Masih tentang pro kontra Abdul Somad yang sedang ramai diperbincangkan sejumlah tokoh agama dan masyarakat luas. Pasalnya Ia curhat di Medsos dengan mengatakan dirinya mendapatkan sejumlah intimidasi, ancaman sehingga dakwahnya di Jawa Tengah, Jawa Timur dan DIY ditolak. Adalah GP Ansor yang menjadi pusat perhatian sebagai ormas di belakang aksi penolakan itu.

Padahal Ketua Umum GP Ansor sudah memberikan kalrifikasi kepada publik bahwa GP Ansor tidak pernah menolak UAS. GP Ansor hanya mengingatkan Kepolisian khususnya di Jepara akan potensi eks HTI yang mendompleng pada acara Somad atas sejumlah indikasi yang ada.
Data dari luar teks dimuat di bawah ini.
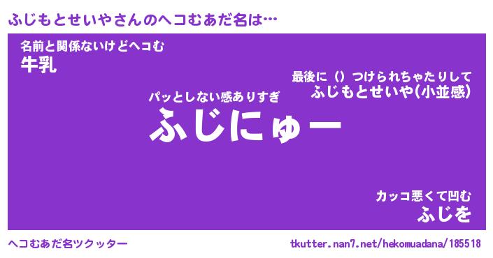 | 恥ずかしいあだ名 | 『プリティーふじもとせいや』『ふじちん』 |
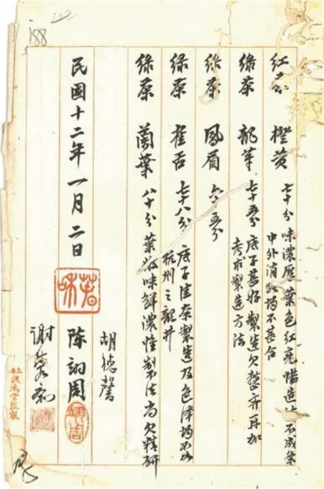 1922年11月,朱文精將實(shí)習(xí)所焙制的5種茶樣交實(shí)業(yè)司,轉(zhuǎn)送上??偵虝?huì)延請(qǐng)專家評(píng)定。擔(dān)任上??偵虝?huì)展覽會(huì)茶葉審查員的胡德馨、陳翊周、謝蓉齋3位茶業(yè)專家在詳細(xì)查驗(yàn)品評(píng)茶樣后,聯(lián)合出具了報(bào)告書。報(bào)告書記載,5份茶樣,合紅茶1份,綠茶4份,分別是橙黃、龍華、鳳眉、雀舌、蘭葉。其中蘭葉“葉嫩味鮮濃”得分最高,獲得80分。總體來看,專家們認(rèn)為茶業(yè)實(shí)習(xí)所送評(píng)的茶葉,無論紅茶還是綠茶,茶葉的底子都好,但制法上尚欠精研,還需提高。

Sebelum kasus Jepara, Abdul Somad memang kerap mendapatkan penolakan dari warga masyarakat. Bisa jadi karna dakfwanya yang dinilai ada bumbu provokasi dan menyinggung pihak lain. Ia pernah ditolak di Bali, Hongkong, Kudus, yang terakhir di Jepara. Kemenag pusat sebenarnya juga sudah memberikan sinyal tidak merekomendasikan dakwah Abdul Somad. Walaupun tidak bisa dikatakan menolak, namun dengan tidak dimasukkannya Abdul Somad ke dalam daftar mubaligh yang direkomendir Kemenag, pada hakikatnya Kemenag kurang begitu sreg dengan dakwahnya.

KH Said Aqil (merdeka.com)

Khusus untuk Keluarga Besar NU sebenarnya sangat wajar jika tidak suka bahkan menolak Abdul Somad. Hal itu karna Abdul Somad memang yang lebih dulu membuat gara-gara dengan NU. Ia pernah menyudutkan KH Ishomudin, jajaran Pengurus PBNU. Ia juga pernah terang-terangan mengatakan bahwa hanya ada tiga Kyai NU yang perlu diikuti.

Sebagaiamana masih bisa ditemukan jejak digitalnya dengan mudah, baik di akun IG atuaupun Youtube tentang sikap Somad terhadap NU atas sebuah pertanyaan jamaahnya.

Dalam menyikapi Nahdlatul Ulama , sebagaimana video yang diunggah dalam akun IG @ikatanislam (25 Mei 2017) , Ustadz Abdul Somad mengatakan dalam ceramahnya (menjawab pertanyaan jamaah) , bahwa NU yang bisa diikuti di NU ada tiga orang, yakni KH. Luthfi Bashori, KH Idrus Ramli, KH Lutfi Bashori , Buya Yahya, NU Garis Lurus. Menurutnya kyai-kyai itu yang tidak terkena virus sekuler dan liberal. Pernyataan Abdul Somad itu juga banyak diunggah di akun akun Youtube yang lain.